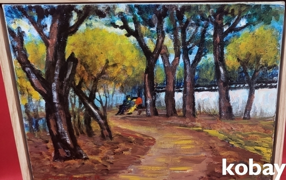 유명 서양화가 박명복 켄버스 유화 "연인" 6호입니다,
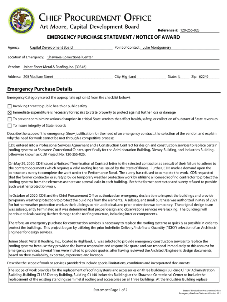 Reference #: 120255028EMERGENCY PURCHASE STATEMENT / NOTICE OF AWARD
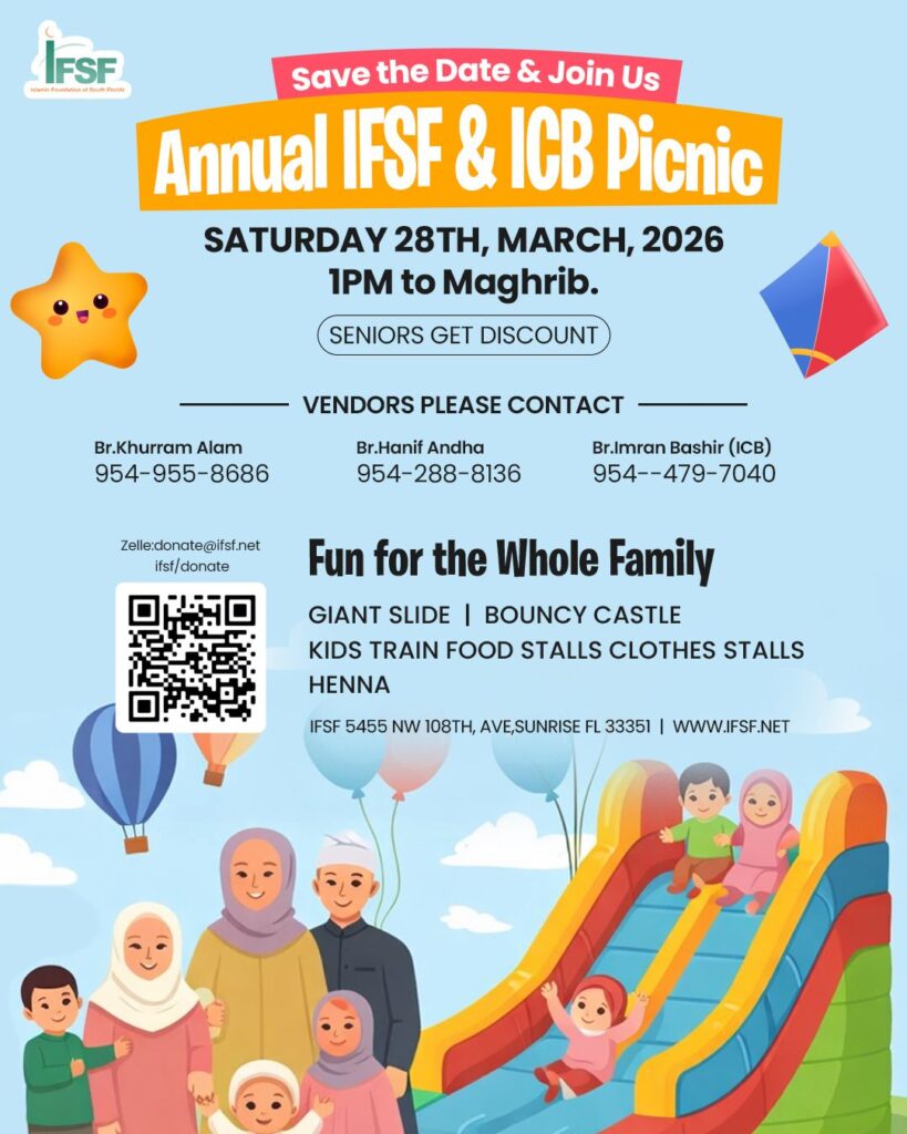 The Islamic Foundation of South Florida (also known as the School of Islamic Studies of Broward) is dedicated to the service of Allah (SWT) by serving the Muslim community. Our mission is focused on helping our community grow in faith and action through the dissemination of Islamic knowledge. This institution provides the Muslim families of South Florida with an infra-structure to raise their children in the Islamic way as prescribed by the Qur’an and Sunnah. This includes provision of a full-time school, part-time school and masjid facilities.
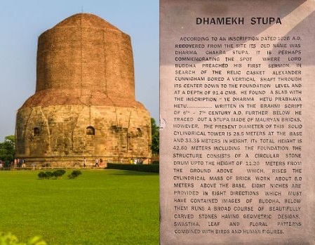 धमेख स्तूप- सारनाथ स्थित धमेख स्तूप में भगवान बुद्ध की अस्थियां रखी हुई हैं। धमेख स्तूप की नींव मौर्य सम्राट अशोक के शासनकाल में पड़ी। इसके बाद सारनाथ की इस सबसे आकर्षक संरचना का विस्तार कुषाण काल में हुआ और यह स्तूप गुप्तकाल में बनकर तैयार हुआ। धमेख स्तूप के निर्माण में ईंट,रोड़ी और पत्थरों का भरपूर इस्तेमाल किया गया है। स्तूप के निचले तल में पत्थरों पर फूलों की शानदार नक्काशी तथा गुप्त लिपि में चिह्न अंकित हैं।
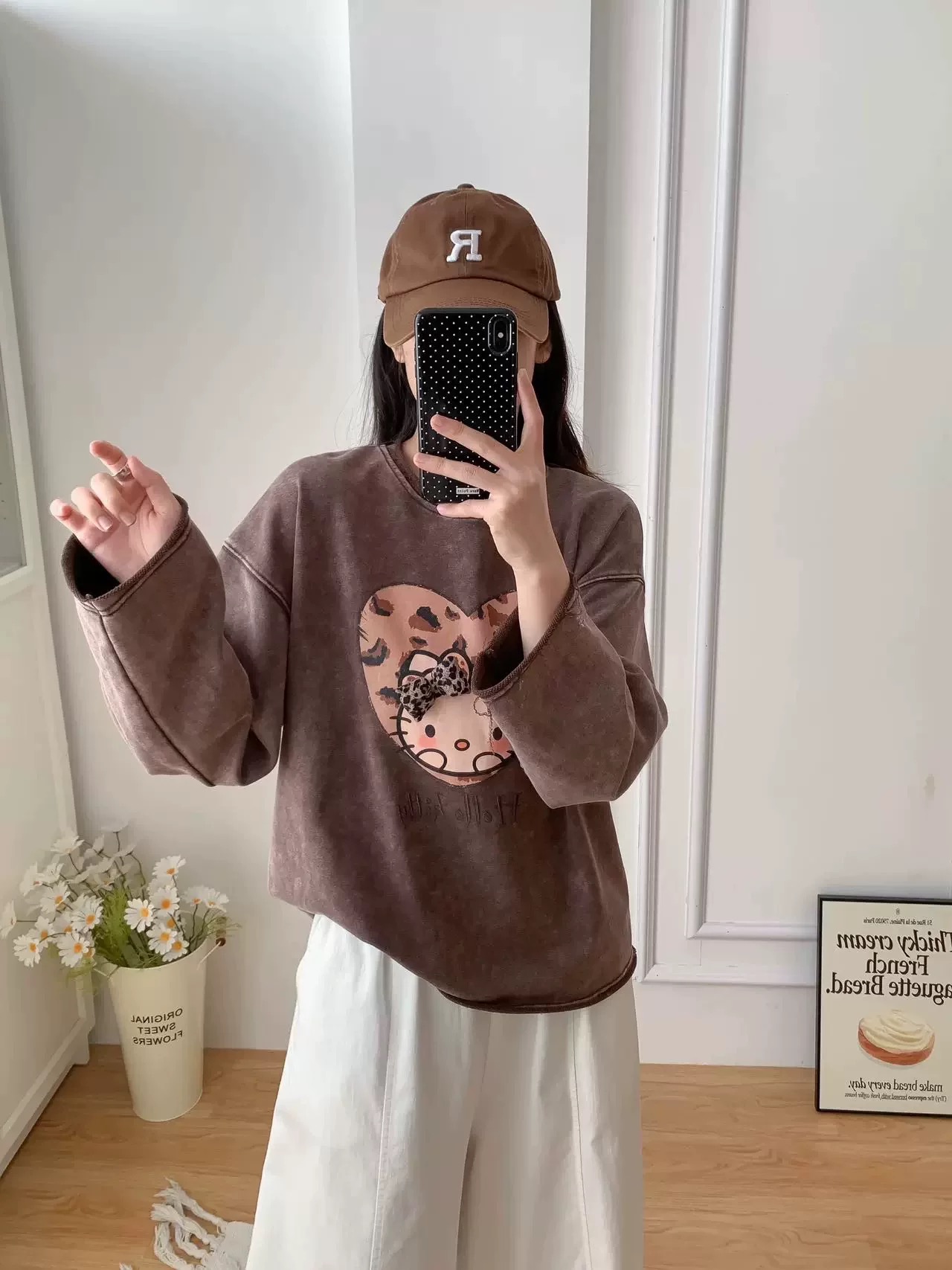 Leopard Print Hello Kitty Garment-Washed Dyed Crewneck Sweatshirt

=== WHAT YOU ARE ASKED TO DO ===
Give every line of the records above again, exactly, and omit the pictures.

=== ANSWER TO THIS PROBLEM ===
 유명 서양화가 박명복 켄버스 유화 "연인" 6호입니다,
 Reference #: 120255028EMERGENCY PURCHASE STATEMENT / NOTICE OF AWARD
 The Islamic Foundation of South Florida (also known as the School of Islamic Studies of Broward) is dedicated to the service of Allah (SWT) by serving the Muslim community. Our mission is focused on helping our community grow in faith and action through the dissemination of Islamic knowledge. This institution provides the Muslim families of South Florida with an infra-structure to raise their children in the Islamic way as prescribed by the Qur’an and Sunnah. This includes provision of a full-time school, part-time school and masjid facilities.
 धमेख स्तूप- सारनाथ स्थित धमेख स्तूप में भगवान बुद्ध की अस्थियां रखी हुई हैं। धमेख स्तूप की नींव मौर्य सम्राट अशोक के शासनकाल में पड़ी। इसके बाद सारनाथ की इस सबसे आकर्षक संरचना का विस्तार कुषाण काल में हुआ और यह स्तूप गुप्तकाल में बनकर तैयार हुआ। धमेख स्तूप के निर्माण में ईंट,रोड़ी और पत्थरों का भरपूर इस्तेमाल किया गया है। स्तूप के निचले तल में पत्थरों पर फूलों की शानदार नक्काशी तथा गुप्त लिपि में चिह्न अंकित हैं।
 Leopard Print Hello Kitty Garment-Washed Dyed Crewneck Sweatshirt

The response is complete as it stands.